## TASK DETAILS:
The result should be the full listing copied exactly, with no pictures in it.

------ DATA SHOWN ------

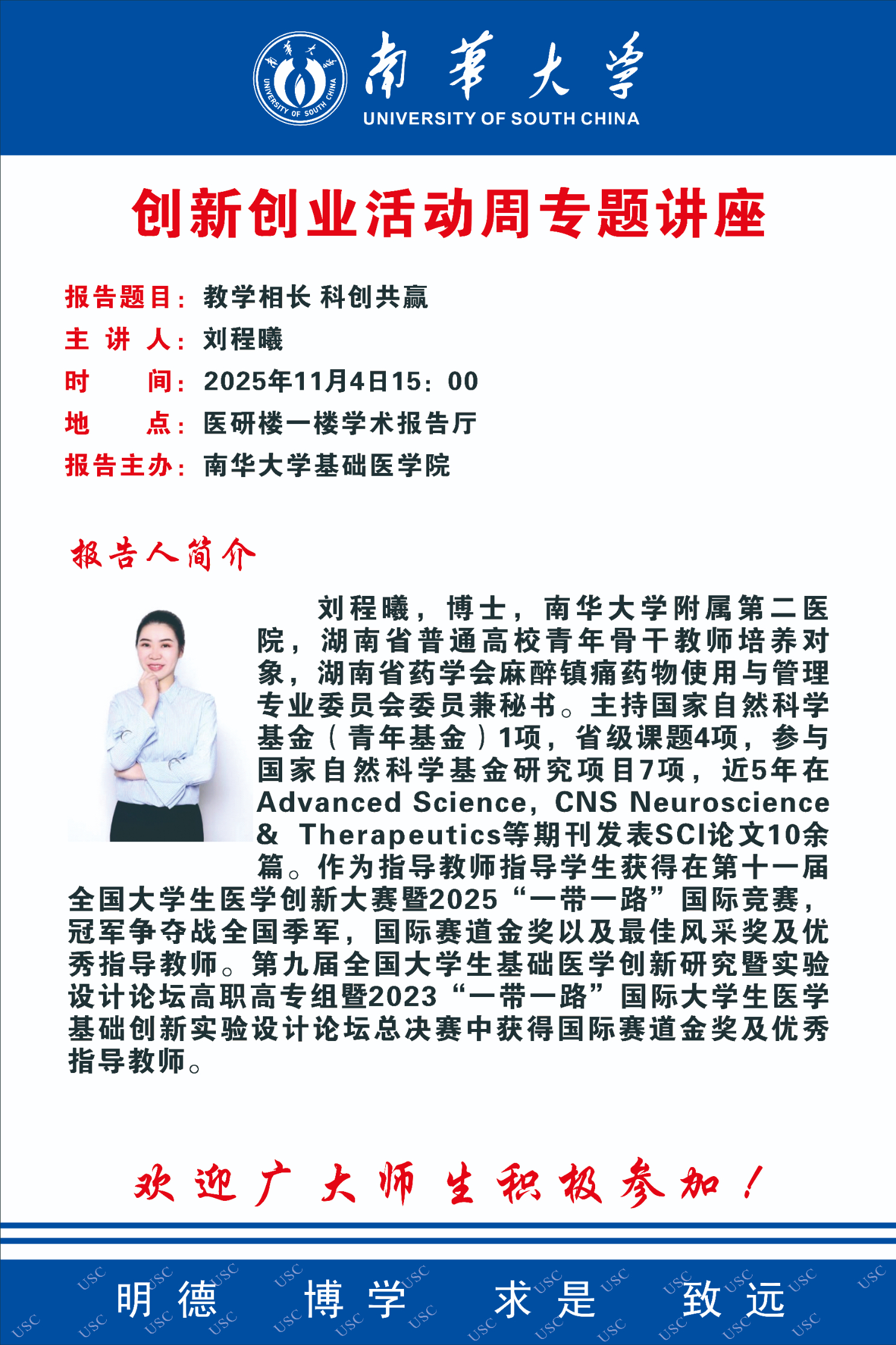 上一条:创新创业活动周专题讲座 | 黄靓:挑战杯,挑战YOU! 下一条:创新创业活动周专题讲座 | 曹洪:乳腺甲状腺外科面临的临床问题及医工结合探索
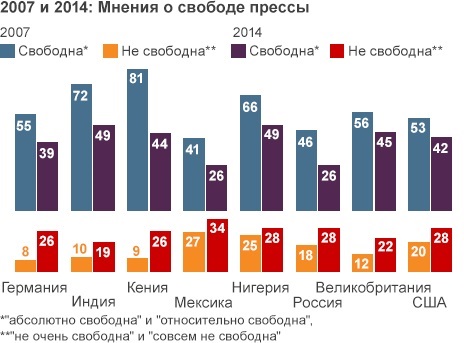 Самое резкое падение рейтинга произошло в Кении (на 37%), Индии (на 23%) и России (на 20%). В Великобритании и США лишь меньшинство опрошенных нынче считает, что СМИ в их стране свободны. В 2007 таких было большинство.
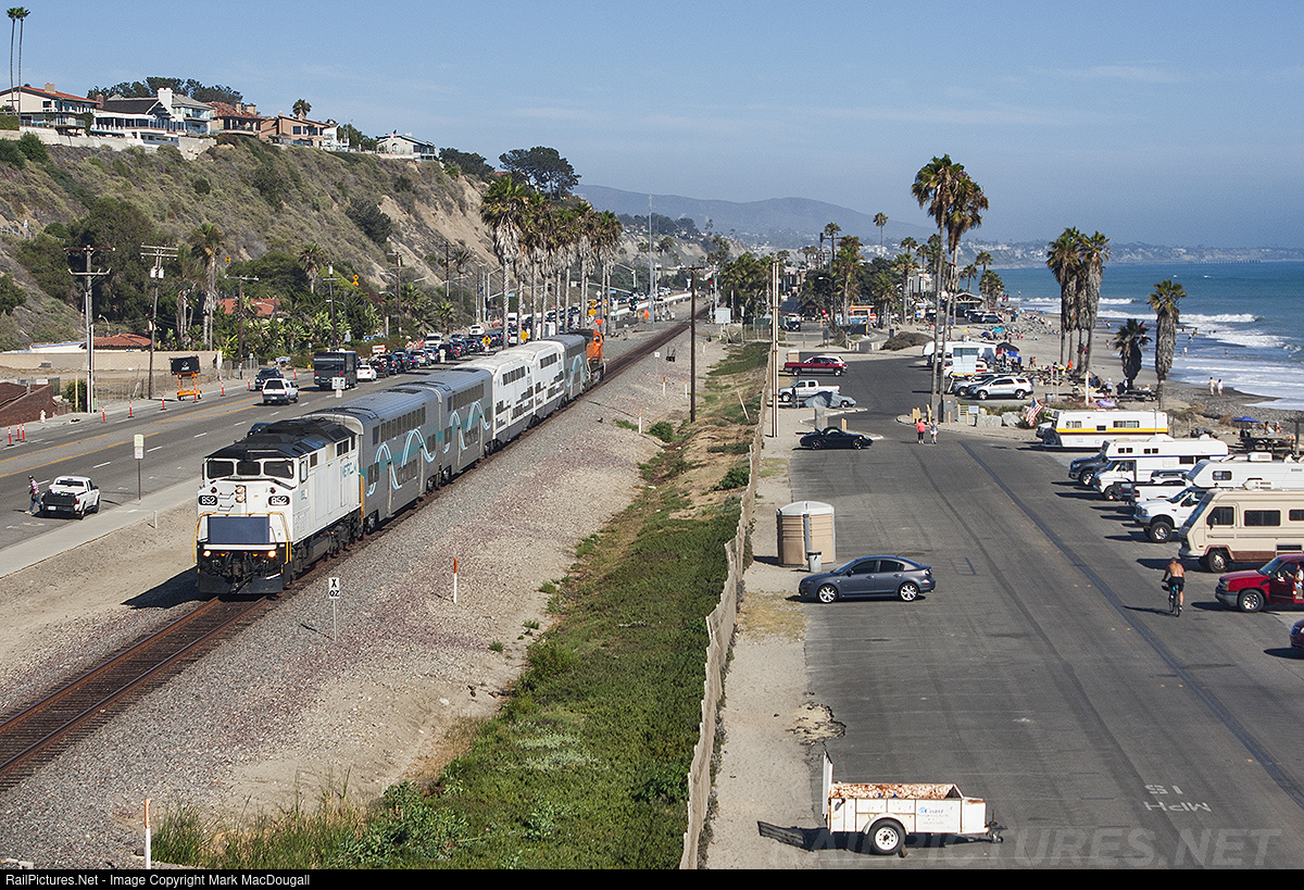 Metrolink 812 passes Doheny State Beach in Dana Point.

------

## ANSWER SECTION:
 上一条:创新创业活动周专题讲座 | 黄靓:挑战杯,挑战YOU! 下一条:创新创业活动周专题讲座 | 曹洪:乳腺甲状腺外科面临的临床问题及医工结合探索
 Самое резкое падение рейтинга произошло в Кении (на 37%), Индии (на 23%) и России (на 20%). В Великобритании и США лишь меньшинство опрошенных нынче считает, что СМИ в их стране свободны. В 2007 таких было большинство.
 Metrolink 812 passes Doheny State Beach in Dana Point.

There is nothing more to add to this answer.